§ **Data for processing**:

=== Begin Enclosure ===

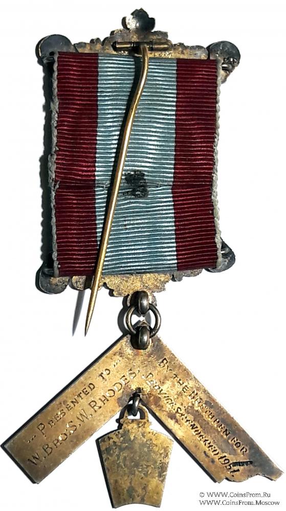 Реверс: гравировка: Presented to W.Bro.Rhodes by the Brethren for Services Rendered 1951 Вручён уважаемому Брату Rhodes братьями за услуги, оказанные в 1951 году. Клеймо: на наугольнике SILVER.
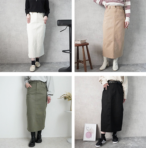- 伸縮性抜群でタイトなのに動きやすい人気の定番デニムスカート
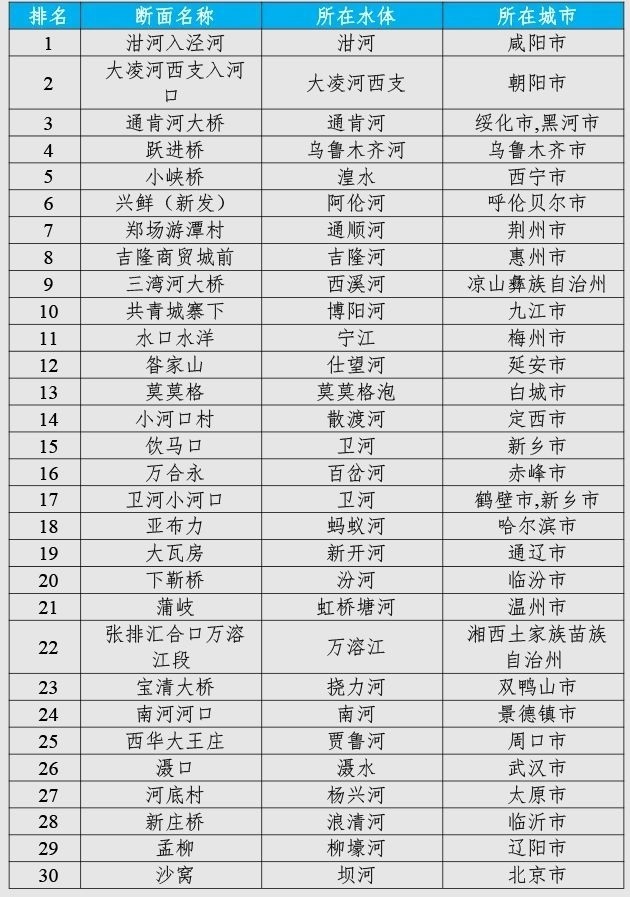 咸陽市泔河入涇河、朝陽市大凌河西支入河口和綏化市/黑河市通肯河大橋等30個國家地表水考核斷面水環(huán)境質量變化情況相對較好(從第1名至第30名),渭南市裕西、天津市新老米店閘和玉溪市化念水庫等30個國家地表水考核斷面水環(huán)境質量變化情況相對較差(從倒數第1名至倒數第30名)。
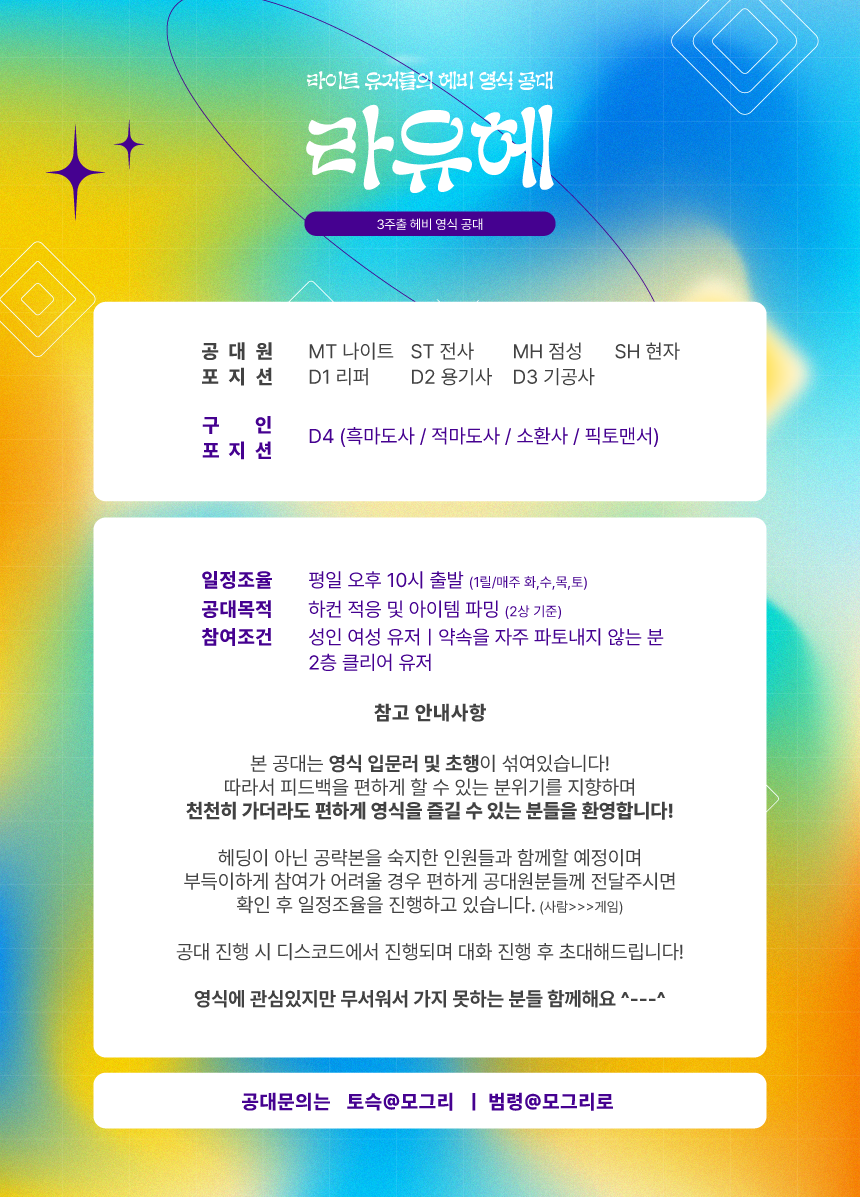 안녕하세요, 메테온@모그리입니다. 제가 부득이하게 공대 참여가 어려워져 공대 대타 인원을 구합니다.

=== End Enclosure ===
=== Begin Enclosure ===

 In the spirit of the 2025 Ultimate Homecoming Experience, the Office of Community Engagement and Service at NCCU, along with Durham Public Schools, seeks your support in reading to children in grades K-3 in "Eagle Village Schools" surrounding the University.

=== End Enclosure ===
=== Begin Enclosure ===

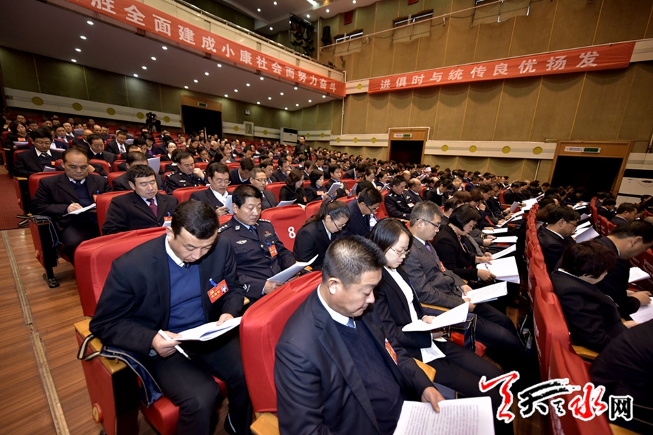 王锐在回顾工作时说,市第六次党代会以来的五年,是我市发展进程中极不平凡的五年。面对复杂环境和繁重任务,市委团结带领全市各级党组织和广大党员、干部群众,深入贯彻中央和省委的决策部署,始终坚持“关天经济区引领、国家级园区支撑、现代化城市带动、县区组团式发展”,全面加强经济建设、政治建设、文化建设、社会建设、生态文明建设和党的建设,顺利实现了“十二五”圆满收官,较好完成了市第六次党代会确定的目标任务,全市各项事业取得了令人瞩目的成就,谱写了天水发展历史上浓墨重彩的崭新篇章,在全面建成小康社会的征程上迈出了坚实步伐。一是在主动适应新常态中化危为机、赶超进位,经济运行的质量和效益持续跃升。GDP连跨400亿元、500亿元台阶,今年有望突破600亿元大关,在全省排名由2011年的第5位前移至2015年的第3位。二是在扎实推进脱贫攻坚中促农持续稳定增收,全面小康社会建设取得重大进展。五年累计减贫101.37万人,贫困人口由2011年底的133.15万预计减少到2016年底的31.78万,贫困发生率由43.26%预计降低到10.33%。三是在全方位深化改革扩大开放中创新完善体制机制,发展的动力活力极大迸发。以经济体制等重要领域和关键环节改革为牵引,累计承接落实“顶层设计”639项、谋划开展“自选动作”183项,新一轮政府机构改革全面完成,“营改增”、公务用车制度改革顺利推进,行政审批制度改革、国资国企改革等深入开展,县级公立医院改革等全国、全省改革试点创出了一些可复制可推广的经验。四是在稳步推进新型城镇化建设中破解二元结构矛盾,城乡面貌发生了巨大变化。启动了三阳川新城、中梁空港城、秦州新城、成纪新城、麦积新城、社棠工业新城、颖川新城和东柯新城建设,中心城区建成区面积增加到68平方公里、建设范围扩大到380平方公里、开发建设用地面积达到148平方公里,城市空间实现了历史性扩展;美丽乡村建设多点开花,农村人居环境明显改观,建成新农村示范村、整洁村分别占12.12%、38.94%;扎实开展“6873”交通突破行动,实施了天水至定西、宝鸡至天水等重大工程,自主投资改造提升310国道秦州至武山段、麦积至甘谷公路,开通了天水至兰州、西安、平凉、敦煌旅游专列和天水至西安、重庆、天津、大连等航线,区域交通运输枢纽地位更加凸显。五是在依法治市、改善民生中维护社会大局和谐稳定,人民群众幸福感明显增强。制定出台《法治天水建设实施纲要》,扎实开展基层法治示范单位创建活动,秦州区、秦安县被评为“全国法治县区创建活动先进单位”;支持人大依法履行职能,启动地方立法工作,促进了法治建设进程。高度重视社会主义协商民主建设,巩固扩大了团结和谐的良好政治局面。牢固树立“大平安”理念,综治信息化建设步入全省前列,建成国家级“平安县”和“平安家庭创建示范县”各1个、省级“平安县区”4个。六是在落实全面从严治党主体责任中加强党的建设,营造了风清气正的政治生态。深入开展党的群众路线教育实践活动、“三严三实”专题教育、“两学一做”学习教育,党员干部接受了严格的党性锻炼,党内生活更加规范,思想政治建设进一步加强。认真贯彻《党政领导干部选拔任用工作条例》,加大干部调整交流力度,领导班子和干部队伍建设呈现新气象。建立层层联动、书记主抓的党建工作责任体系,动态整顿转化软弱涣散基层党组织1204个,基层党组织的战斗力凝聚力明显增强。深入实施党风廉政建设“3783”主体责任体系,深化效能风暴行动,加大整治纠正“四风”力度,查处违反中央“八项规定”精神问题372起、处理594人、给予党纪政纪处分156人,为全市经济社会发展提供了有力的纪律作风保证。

=== End Enclosure ===

§ **What the task requires**:
The response must repeat exactly the lines above from the one with "Реверс: гравировка: Presented" through the one with "안녕하세요, 메테온@모그리입니다. 제가", including both, and must contain no pictures and no other text.

§ **Completed task**:
 Реверс: гравировка: Presented to W.Bro.Rhodes by the Brethren for Services Rendered 1951 Вручён уважаемому Брату Rhodes братьями за услуги, оказанные в 1951 году. Клеймо: на наугольнике SILVER.
- 伸縮性抜群でタイトなのに動きやすい人気の定番デニムスカート
 咸陽市泔河入涇河、朝陽市大凌河西支入河口和綏化市/黑河市通肯河大橋等30個國家地表水考核斷面水環(huán)境質量變化情況相對較好(從第1名至第30名),渭南市裕西、天津市新老米店閘和玉溪市化念水庫等30個國家地表水考核斷面水環(huán)境質量變化情況相對較差(從倒數第1名至倒數第30名)。
 안녕하세요, 메테온@모그리입니다. 제가 부득이하게 공대 참여가 어려워져 공대 대타 인원을 구합니다.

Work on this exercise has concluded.